Skype family portraits reunite separated kin (pictures)
These families live thousands of miles apart, but still manage to pose together for family portraits, thanks to a Webcam, video-chatting software, and some creative wizardry by N.Y.-based photographer John Clang.
John Clang and family
Using a Webcam, the photographer and visual artist made live recordings of his family, transmitted the images via Skype and projected them into his New York living space. His wife, Elin Tew, then photographed him next to his virtual clan for a modern-day take on an old tradition.
Formal family portraits, often snapped in a studio, are common in Singapore, and Clang says he wanted to find a creative way to preserve the practice for the many Singaporean families separated when members, like him, go to live and work abroad.

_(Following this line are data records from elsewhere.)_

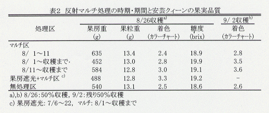- 収穫前2~3週間処理によって、果粒重は変わらず、着色が促進され、果房の遮光と反射マルチを併用処理すると、マルチ単独処理よりやや着色良好であった(表2)。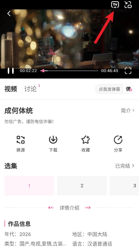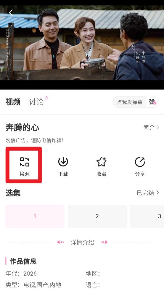 2、进入播放详情页点击"换源"按钮。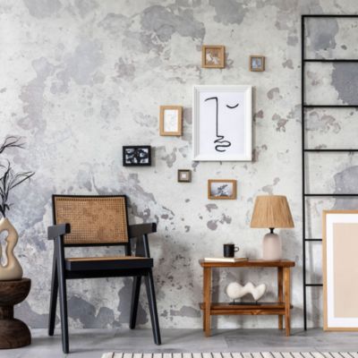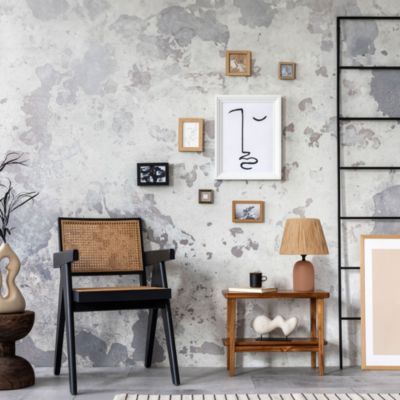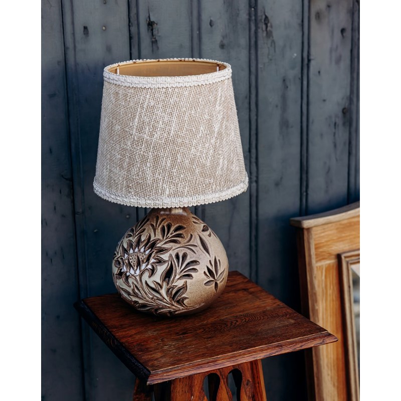 Lampe à poser en céramique fleurs grises Ø.14 x H.29cm E14 40W Lussiol, Gisèle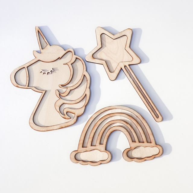 ✔ Houten vulvormen in eenhoorn thema. De vormen hebben een lengte of breedte afmeting tussen de 15-17 cm.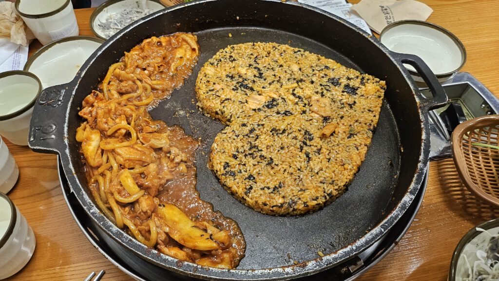 C’est assez épicé mais très bon. C’est très copieux, surtout qu’une fois le plat quasiment terminé, le serveur revient avec un plat de riz préparé qu’il mélange à la sauce restante et le laisse griller pour le rendre croustillant. Heureusement que nous avons pris le plat 2 portions pour 3 !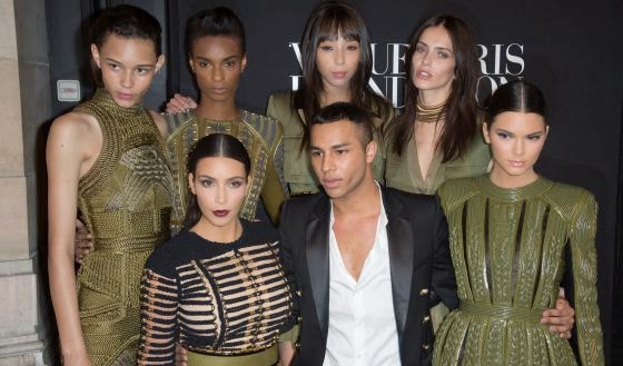 | El diseñador de Balmain junto a Kim Kardashian (a su derecha) en una presentación. / CORDON PRESS |
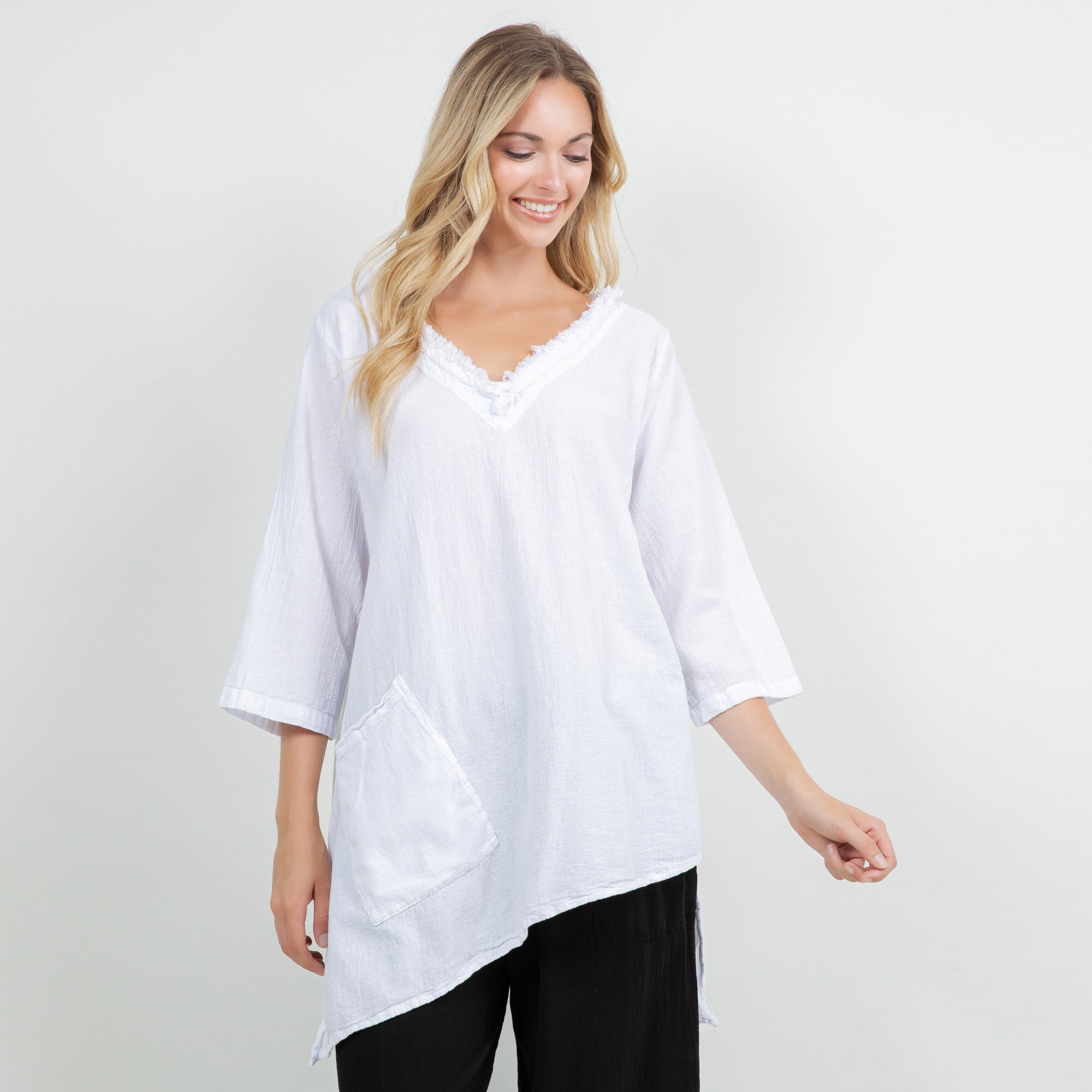 A flowy style, Zoe features a fringed v-neck, 3/4 sleeves, right side pocket, with an angled bottom in front & back.

"This is how families, dis(membered) through time and space, can be re(membered) and made whole again through the use of a third space, a site that is able to reassemble them together within the photographic space that we call a family portrait," Clang says in an artist's statement.
Leong family
Here, Jessie Leong, her daughter Megan Marsh, and pooches, all based in Hong Kong, pose with family back in Singapore. They are (back row from left) Brandon Wong and Jessie's sister Belinda Leong, brother Donald Leong, and (front row, from left) Donald's daughter Jeanette Leong and parents Helen Ang and Robert Leong.
Chua family
Clang -- who has shot commercial photos for clients including AT&T, Boost Mobile, IBM, eBay, and Nokia -- often focuses his personal work on themes of proximity and distance. The complete "Being Together" series of 40 images will be exhibited during Clang's solo show at the National Museum of Singapore in early 2013.
Tye family
Alexia, an investment adviser, has lived in Paris since 1999. Her daughter was educated in Europe but moved back to Singapore to take a job as an account executive. Also pictured is Alexia's partner, Pierre de Fouquet.
Tan family
Lim family
"Drawing upon my own experiences of being separated from my family as a New York-based Singaporean," John Clang says, "this work documents and examines our condition of new-wave diaspora -- Singaporean families of various races and ethnicities grappling with the same predicament of separation through time and space."
Krishnan family
Here, Krishnan poses with (from left) his sister Maligah Krishnan, mom Anjemmal Krishnan, niece Maya Nirasawa Thevar, sister-in-law Tokiko Nirasawa, nephew Asuka Nirasawa Thevar, and brother K Veerapandiyan.
Clang and mom
"Being Together" doesn't mark the first time the New York-based photographer and visual artist has focused on his Singaporean family, and specifically themes of memory, identity, and the longing of a son living overseas. In the series "Erasure," for example, Clang painstakingly fades images of his aging parents "as a graphic portrayal of how life quietly empties itself from them."